Quels ont été les principaux points d’achoppement ?

La crise s’est formée sur deux points principaux : la question de l’immigration et, plus précisément, du durcissement des conditions du regroupement familial pour certaines catégories de réfugiés, et celle de la transition énergétique, les Verts étant particulièrement soucieux de voir le recours aux énergies fossiles limité au profit de l’électrique. À cela se sont ajoutés, dans une moindre mesure, des points de politique étrangère, tels que les relations avec la Russie dont le FDP était prêt à se rapprocher au nom de certains intérêts nationaux.

Quelles peuvent être les conséquences de cette crise pour la chancelière ?

Il est clair qu’elle en sort affaiblie. Cette crise révèle une usure du pouvoir qu’elle incarne depuis trois mandats. Elle apparaît sanctionnée pour avoir sans doute manqué de positions franches sur un certain nombre de sujets et, aussi, pour avoir donné l’impression générale qu’elle se contentait de suivre les événements sans parvenir à les anticiper. Impression qui résulte d’une succession de crises et notamment de la crise des réfugiés qui a donné d’elle l’image d’un leader dépourvu de vision. Voilà pourquoi, pour Angela Merkel, la crise actuelle a aussi valeur de sanction. 

Aujourd’hui, quelles sont les options envisageables ?

Il y en a plusieurs et aucune ne semble satisfaisante. D’abord, on peut imaginer que la CDU cherche à conclure un accord avec un autre partenaire, ce qui semble très compliqué. Ensuite, Angela Merkel peut rester à la tête d’un gouvernement minoritaire, ce qui réduirait considérablement sa marge de manœuvre en l’obligeant à tout négocier. Son leadership politique s’en trouverait affaibli, d’autant qu’il s’agirait là d’une situation à laquelle le pays n’est absolument pas habitué. L’Allemagne est un régime parlementaire, ce qui signifie que le gouvernement doit avoir la confiance de l’Assemblée. Un gouvernement minoritaire n’obtiendrait qu’une confiance partielle, ce qui, en termes de gouvernance, le placerait dans une position très inconfortable.

Une autre option envisagée consisterait à organiser de nouvelles élections…
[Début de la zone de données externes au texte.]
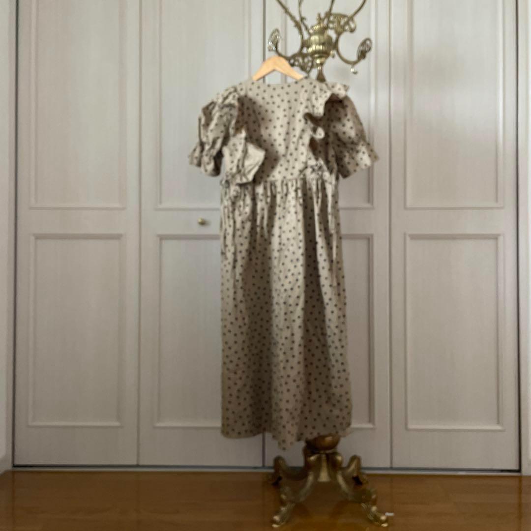 P ドット 水玉 ワンピース ロング 韓流 ブラウス シャツ フリル 可愛い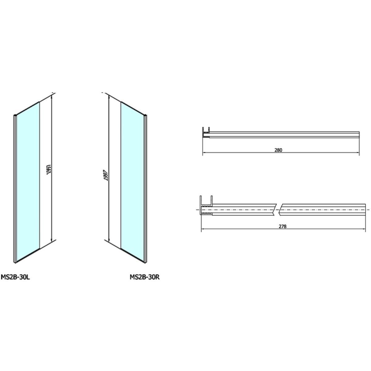 - Um eine L-förmige Walk-In-Kabine zu schaffen, ist für die Befestigung der Wand eine zusätzliche feste Wand MS2A (separat erhältlich) erforderlich

Effectivement mais là encore, cette solution n’est pas sans risque. D’abord parce que rien ne dit que de nouvelles élections aboutiraient à un résultat différent de celles de septembre. Ensuite parce que le parti d’extrême droite AFD, qui a déjà fait son entrée au Parlement, pourrait en sortir renforcé compte tenu du climat général. Or même une légère progression suffirait à envoyer un signal extrêmement négatif au pays et au reste de l’Europe.

Quel impact cette crise allemande peut-elle avoir sur l’Europe ?

Une crise prolongée freinerait la relance européenne en raison de la perte de leadership qu’elle occasionnerait au sein du binôme franco-allemand lequel, comme chacun sait, est moteur dans ce projet. Dépourvu de majorité, le gouvernement allemand n’aurait pas les coudées franches pour agir sur les différents dossiers qui s’imposent : consolider la zone euro, définir une politique d’immigration commune, penser l’Europe de la défense… Un gouvernement minoritaire constamment menacé d’un vote négatif au Bundestag ne serait pas en capacité de mener ces dossiers majeurs sans lesquels il ne peut y avoir de véritable relance européenne.